So now that we know the NCAA Men’s Tournament Select Committee’s 16 Favorite Teams — at the moment, anyway — how do you describe this concoction that’s been put in the oven to cook a little more before it’s ranked for real in three weeks?
Look at the ingredient label, of course.
This parenthesis reveals include . . .
- 56 percent non-champions. Nine of the 16 – including the top three in Alabama, Houston and Purdue – have never won a title.
- 18.75 percent Final Four programs without. Alabama, Tennessee and Xavier have never made it this far. The state of Iowa was there once, in 1944. Texas was there once in 75 years. Kansas State hasn’t been in 58 seasons, Purdue in 42.
- A seed no. 1 who has never, ever seen such a thing before. That would be the Alabama Crimson Tide, who are the top seed projected across the entire dance floor. Forty-nine different schools have previously been a No. 1 seed. 1, but never the tide. They appear to be warming to the idea, trashing Georgia 108-59 on Saturday, a result that reminded us of two things: Alabama is on a surprising shot and this is not a football season.
- A team that was picked to finish ninth in its conference. Marchetta.
- A team that was picked to finish last in its conference. state of Kansas.
How is the 68 field chosen?
- 93.75 percent of the current top 16 teams in the Associated Press poll. In other words, 15 out of 16. Sorry Miami, you’re the weird Hurricanes outside.
- 31.25 percent teams from the Eastern Time Zone. That’s unusually low, since good ol’ EST — or EDT, as the title is decided in April — has produced 21 of the last 24 National Champions. This is what happens when the likes of Kentucky, Duke, North Carolina, Michigan State, and Villanova don’t appear on this list. But while the East went 21 for 24, the Central zoners of the Big 12 topped the league’s final two night standings with Kansas and Baylor.
- 31.25 percent Big 12. That’s five teams and all five are in the top 12. The Big 12 has as many names on this list as the Big Ten, ACC, and SEC combined. The NCAA’s philosophy is to maintain highly seeded conference teams in different regions, but that probably won’t be possible given the Big 12 tsunami in the bracket.
- 18.75 percent Far Western. In other words UCLA, Gonzaga and Arizona. Now would be the time to mention that it has been 26 years since the last champion arrived from the west, Arizona in 1997.
- A reigning champion. Kansas is a No. 1 seed, and the Jayhawks watched every inch of it on Saturday as they beat Baylor 55-26 in the second half. If this continues, this would be the 16th time I’ve been tied for No. 1, trailing only North Carolina’s record 17. The other three seeds in the bracket reveal — Alabama, Houston and Purdue — have four all-time No. 1s combined.

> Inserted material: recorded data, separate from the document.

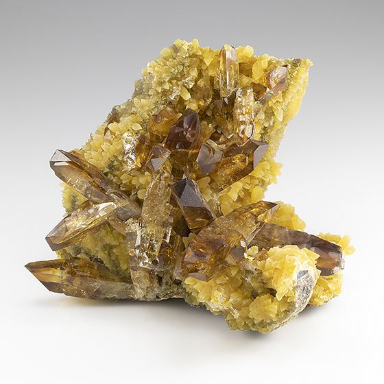 Many choice glassy and gemmy amber colored crystals of barite to 5.5 cm in length throughout this matrix with yellow crystallized calcite. I think in great condition.Data last checked on 11th Aug 2021 - specimen may no longer be available
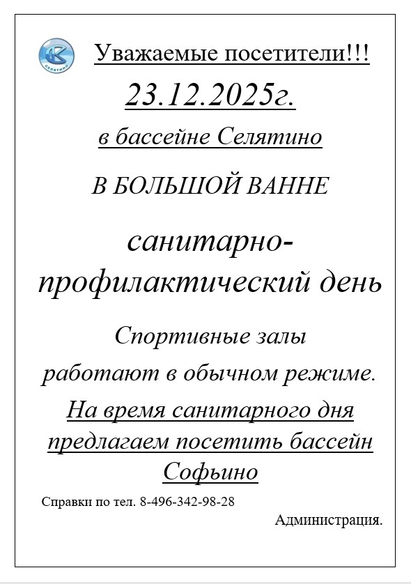 23.12.2025 санитарный день в бассейне Селятино
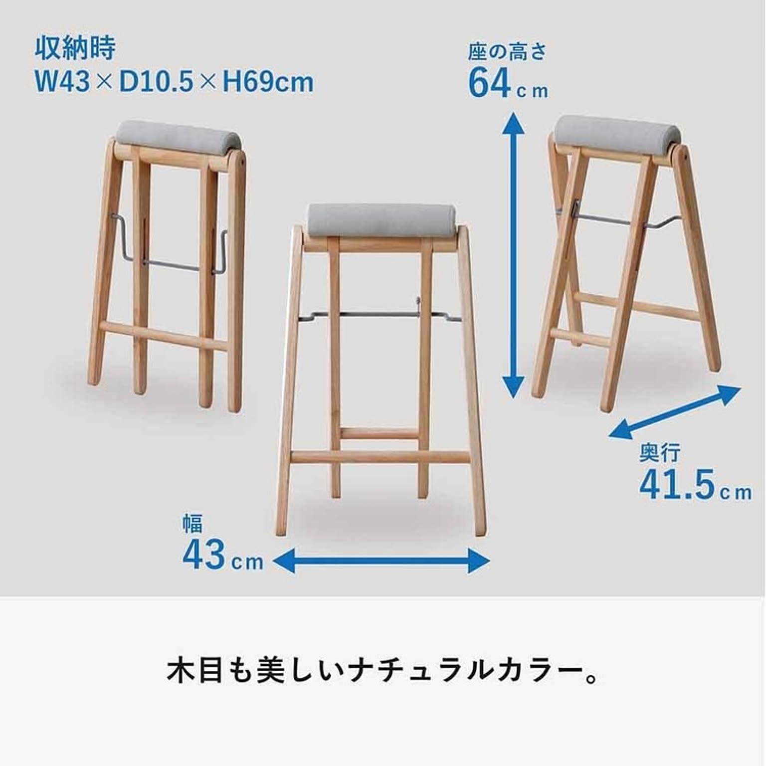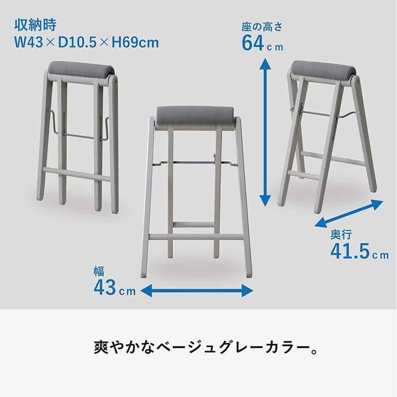 本体外寸:幅約43×奥行約42×高さ約64/座面サイズ:幅約30×奥行約10×高さ約3.5/折り畳み時:幅約43×奥行き約10.5×高さ約69
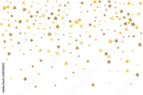 Star confetti. Gold casual confetti background. Bright design pattern.
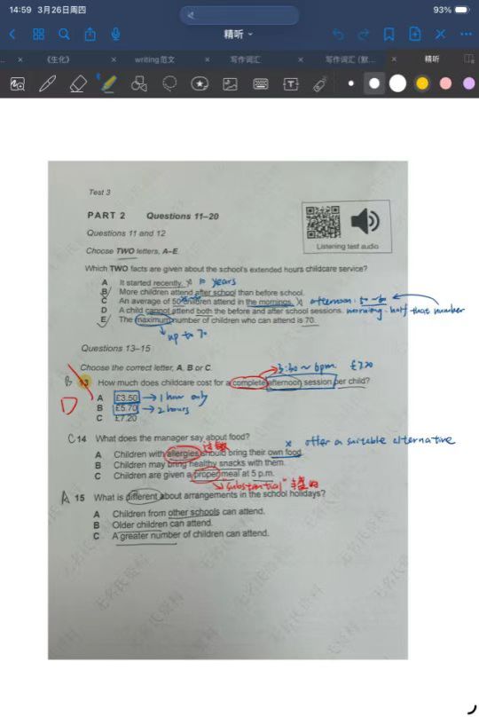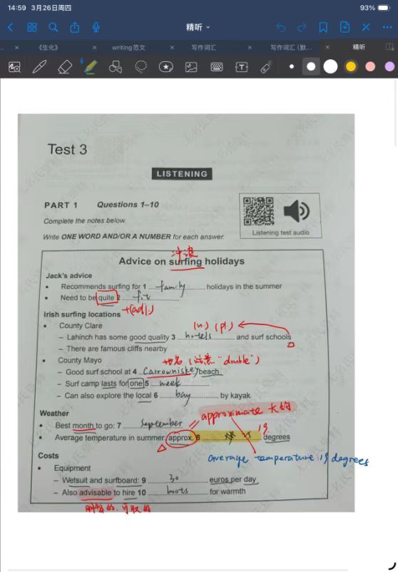 大量练习有助于适应多样口音并快速抓取关键词。雅思听力涵盖英音、澳音、印度音等多种口音。在平时练习中,我会特意选择不同口音的材料来进行泛听,让自己提前适应并熟悉。在实战中,预判答案词性和圈画关键词(如转折词but, however,以及人名、时间)至关重要。

- 12.5 percent teams that started the season with new coaches. Xavier and Sean Miller, Kansas State and Jerome Tang.
- 6.25% of teams that took on a new manager in December. Texas with interim Rodney Terry taking over after Chris Beard was suspended and subsequently fired.
- 18.75 percent Lone Star Staters: Houston, Baylor and Texas.
- 12.5 percent of teams miss power conferences, if you throw the Big East into the power pile with the usual five. Gonzaga and Houston remain.
- 50% of coaches who have participated in a Final Four.
- 18.75% of coaches who have made a Final Four with another program: Marquette’s Shaka Smart via VCU, Houston’s Kelvin Sampson with Oklahoma, and Tennessee’s Rick Barnes with Texas.
- 6.25 percent of teams that once had the NCAA selection committee chairman in their lineup. Bradley administrator and committee chairman Chris Reynolds served as point guard for Indiana’s 1992 Final Four team.
- 25% of teams that had losing records in February: Iowa State, Kansas State, Tennessee and Purdue. But they play in tough leagues, so they’re forgiven. Especially Purdue, which has lost three of its last four games but is still a No. 1 seed.
- 25% of teams who lost in the group on Thursday or Saturday reveal the weekend. Purdue, Tennessee, Baylor, Iowa State, although the latter two were beaten by other group members. Additionally, Texas narrowly escaped Oklahoma in overtime, and Virginia needed one last stop to edge Notre Dame by two runs, both at home. Nothing offers much safety this season, and that includes NCAA preview brackets.
LEADERBOARDS: See the full top-16
- 25 percent of the Final Four last April. No Duke, NC or Villanova. Kansas only.
- 100 percent of the last three national champions: Kansas, Baylor and Virginia.
- 0 percent of schools that won the previous 10 titles leading up to Virginia in 2019. In fact, only four of the last 25 national championships are represented among the 16. A rather unconventional college basketball season is what this range suggests. But that was revealed a long time ago.